Сколько я сидела на нем, сколько наслаждалась, глядя на холодеющий труп своего мучителя, своего тирана, я не помню! Но скоро, однако, я очнулась, пришла в себя и начала соображать, что мне дальше делать, и сделала следующее: за ноги стащив труп к швейцарскому домику, около которого находится высохший колодец, туда я и бросила его вниз головой, кинжал вытерла об траву, травой же стерла кровь на тропинке и засыпала землей, убрала веревку, а затем спокойно, как ни в чем не бывало отправилась домой и легла спать.
— ЧТО ЖЕ, В ту ночь вы могли спать спокойно? — спросил я Казимиру.
— Я спокойно спала. Я рада была, что он погиб от моей руки. Этим я себя сначала утешала, но потом уже просветлел рассудок, и я сообразила, какой грех на душу взяла. Я ничего не могла делать, нигде не находила места, его призрак преследовал меня днем и ночью, и вот я решила покончить и с собой… Вот, господин следователь, большая я грешница. Я и убила, и на себя хотела руки наложить; судите меня, на все я готова!.. — так закончила свой печальный рассказ Казимира и залилась горькими слезами.
Мне искренно было жаль эту бедную, несчастную женщину. Её откровенная речь дышала не цинизмом, не рисовалась она своим преступлением, а наоборот, в каждом ее слове, манере и интонации выражался как бы протест против той несчастной жизни, которая выпала на ее долю; в своем преступлении она видела естественное и последовательное явление, необходимое звено в бесконечной цепи ее жизненных бедствий, тревог и мучений.
Следствие это я закончил быстро и к нему, в качестве вещественного доказательства, приложил дорогой, английской стали кинжал, который передала мне Казимира. На нем сохранились и следы крови, и даже осталась в нескольких местах примятая и засохшая трава, о которую Казимира вытирала ее от крови Зваровского.
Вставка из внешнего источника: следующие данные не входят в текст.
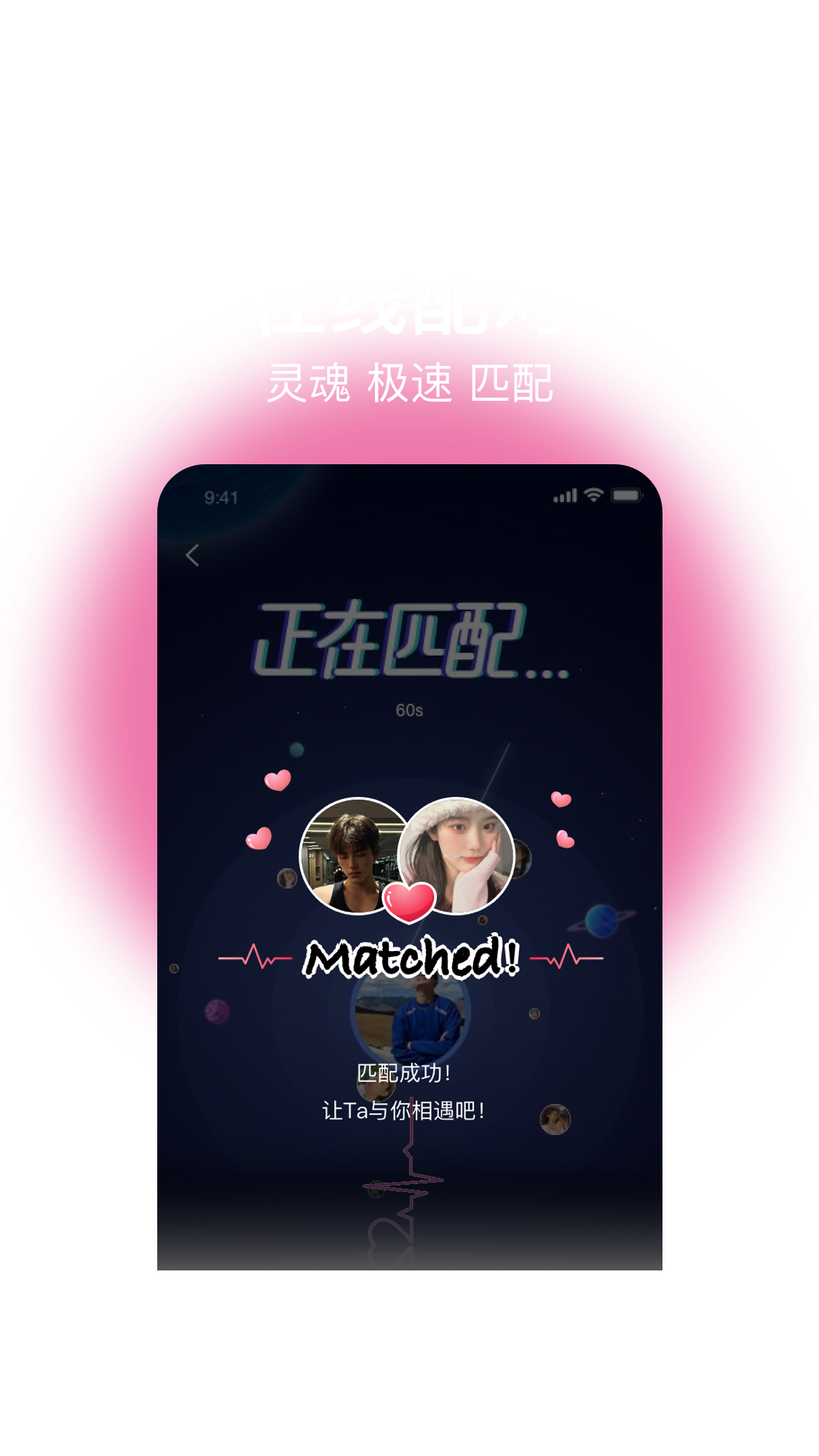 “在线配对”是一款随机匹配的交友 游戏,一键匹配,随意畅聊,用你 的有趣和可爱去吸引Ta,让交友变 得如此简单。

Недолго прожила Казимира после ареста и отправления в острог. У нее быстро развилась скоротечная чахотка, и она, не дождавшись приговора суда, умерла в тюремном лазарете.
Роковое наследство
(Рассказ конвойного офицера)
АРЕСТАНТСКИЕ ПАРТИИ ИЗ Варшавы в Москву отправлялись вечером, по воскресеньям. В воскресенье, под Рождество, мне выпала отвратительная командировка отправляться с партией и проводить праздник не в кругу своих близких и знакомых, а в дороге, в тесном и отвратительном купе арестантского вагона.
Из тюрьмы партия выходила вечером, и я прибыл туда за полчаса до ее отхода, когда унтер-офицер, по моему поручению, оканчивал уже приемку от дежурного по тюрьме помощника. Унтер-офицер отрапортовал мне о количестве назначенных для сопровождение арестантов конвойных и, вытянувшись, ждал моих приказаний.
— Сколько всего арестантов? — спросил я
— Сто тридцать два человека, ваше благородие.
— Документы на всех в порядке?
— Так точно.
— Каторжных сколько?
— Тринадцать, ваше благородие.
— Бесова дюжина, значит… Кончай скорей приемку, и пора выходить, — приказал я и отошел в сторону, где заковывали каторжников.
Помещение, где происходила приемка партии, находилось в нижнем этаже тюрьмы и представляло из себя мрачную огромную залу, с низкими сводами, каменными полами и едва заметными маленькими окнами, вследствие чего оно и днем, и ночью освещалось тусклыми, закоптелыми керосиновыми лампами и от этого становилось еще мрачнее, еще неприветливее. Бледные лица арестантов, в их неприглядном костюме, стук молотка, бряцанье кандалов, сдержанный гул голосов, однообразное выкрики конвойного:
— Обыскать и осмотреть кандалы.
Наконец вся эта тюремная обстановка как-то особенно скверно на меня действовали. В тюрьму я приехал с большого вечера у моих знакомых, где было очень весело — оживленные лица разодетых дам, светская болтовня, ухаживание, музыка, танцы, а здесь — все эти люди уже свели с жизнью расчеты и за свои увлечения несут каждый свое наказание.
— Ваше благородие, вот дворянин кормовые требует, — доложил унтер-офицер, подводя ко мне молодого, еще и довольно симпатичного арестанта.
— Как фамилия? — спросил я арестанта.
— Руджицкий, ваше благородие.
— Какой категории?
— Каторжник.
— Каких же тебе, братец, кормовых?
— Я до осуждения принадлежал к привилегированному сословию.
— Все равно, раз ты лишен всех прав, в тюрьме продовольствие с общего котла, а в пути — пища в сухом виде, денег никаких не полагается, — строго заметил я.
Арестант по-военному повернулся, показал мне яркого «бубнового туза» на спине своего серого халата и, побрякивая кандалами, уныло побрел на свое место, к партии.